All characters must satisfy at least one of the inputted blocks.

kyarakuta.every('اهلا', [
  { block: 'Arabic' }
]);
// Output: true

kyarakuta.every('アパート', [
  { block: 'Hiragana' },
  { block: 'Katakana' }
]);
// Output: true

kyarakuta.every('アパート Apartment', [
  { block: 'Hiragana' },
  { block: 'Katakana' }
]);
// Output: false

kyarakuta.every('Aa食', [
  {
    block: undefined,    // 'undefined' means any block
    subblock: 'Uppercase Latin alphabet'
  },
  {
    block: undefined,
    subblock: 'Lowercase Latin alphabet'
  }
]);
// Output: false

kyarakuta.every('ABcd', [
  {
    subblock: 'Uppercase Latin alphabet'
  },
  {
    subblock: 'Lowercase Latin alphabet'
  }
]);
// Output: true

Japanese Specific Utilities

Is Kana

Check if all characters in a string is kana.

kyarakuta.isKana('アパート'); // true;
kyarakuta.isKana('これはアパートです'); // true
kyarakuta.isKana('アパート Apartment'), // false

Kana is all characters within "Hiragana" and "Katakana" blocks.

Is CJK

Check if all characters in a string belong to CJK blocks.

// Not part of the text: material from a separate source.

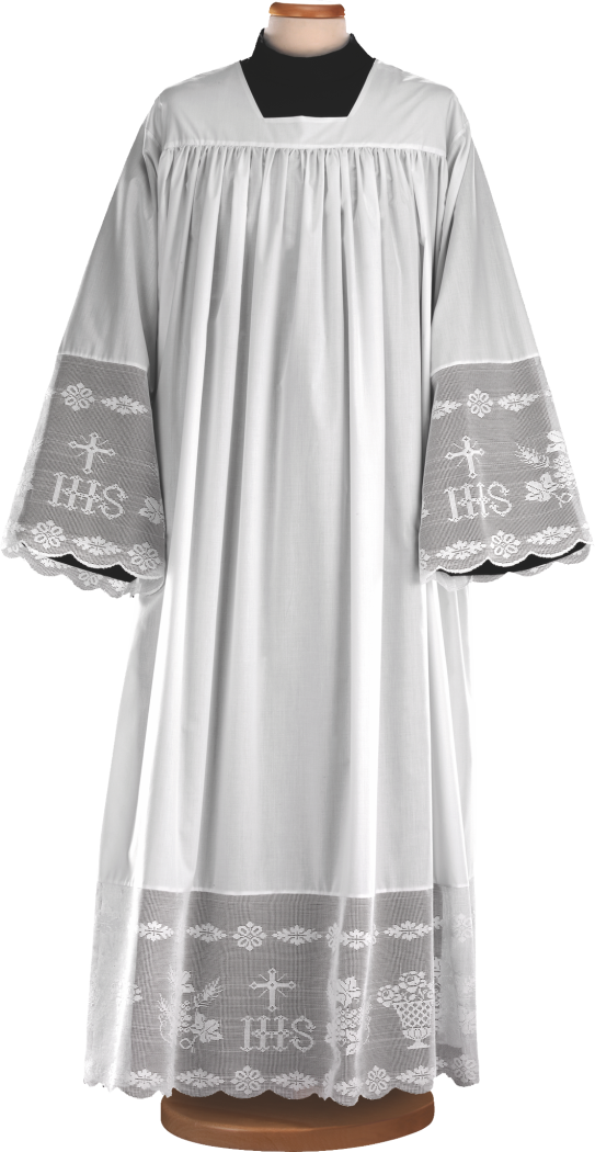 Aube liturgique encolure carrée avec dentelle - taille 150 cm

kyarakuta.isCJK('全国'); // true
kyarakuta.isCJK('𠚢𠀋'); // true
kyarakuta.isCJK(''); // true
kyarakuta.isCJK('a'); // false
kyarakuta.isCJK('はよ'); // false
kyarakuta.isCJK('全国は'); // false

Is Japanese

Japanese script mixes hiragana, katakana, kanji, and romaji. But in this function, 'isJapanese' checks whether a string only contains Kana and CJK characters. No spaces and punctuations are allowed.

kyarakuta.isJapanese('全国は'); // true
kyarakuta.isJapanese('このハンバーガはめっちゃうまい'); // true
kyarakuta.isJapanese('すごい!'); // false, contains punctuation
kyarakuta.isJapanese('これは すごい') ;// false, contains space
kyarakuta.isJapanese('Hello'); // false
kyarakuta.isJapanese('Hello世界'); // false

To Hiragana and To Katakana

Converts katakana to hiragana or hiragana to katakana

kyarakuta.toHiragana('インドネシア'); // いんどねしあ
kyarakuta.toKatakana('いんどねしあ'); // インドネシア

License

Copyright © 2020 Ezzat Chamudi

Kyarakuta code is licensed under MPL-2.0. Images, logos, docs, and articles in this project are released under CC-BY-4.0.

Libraries, dependencies, and tools used in this project are tied with their licenses.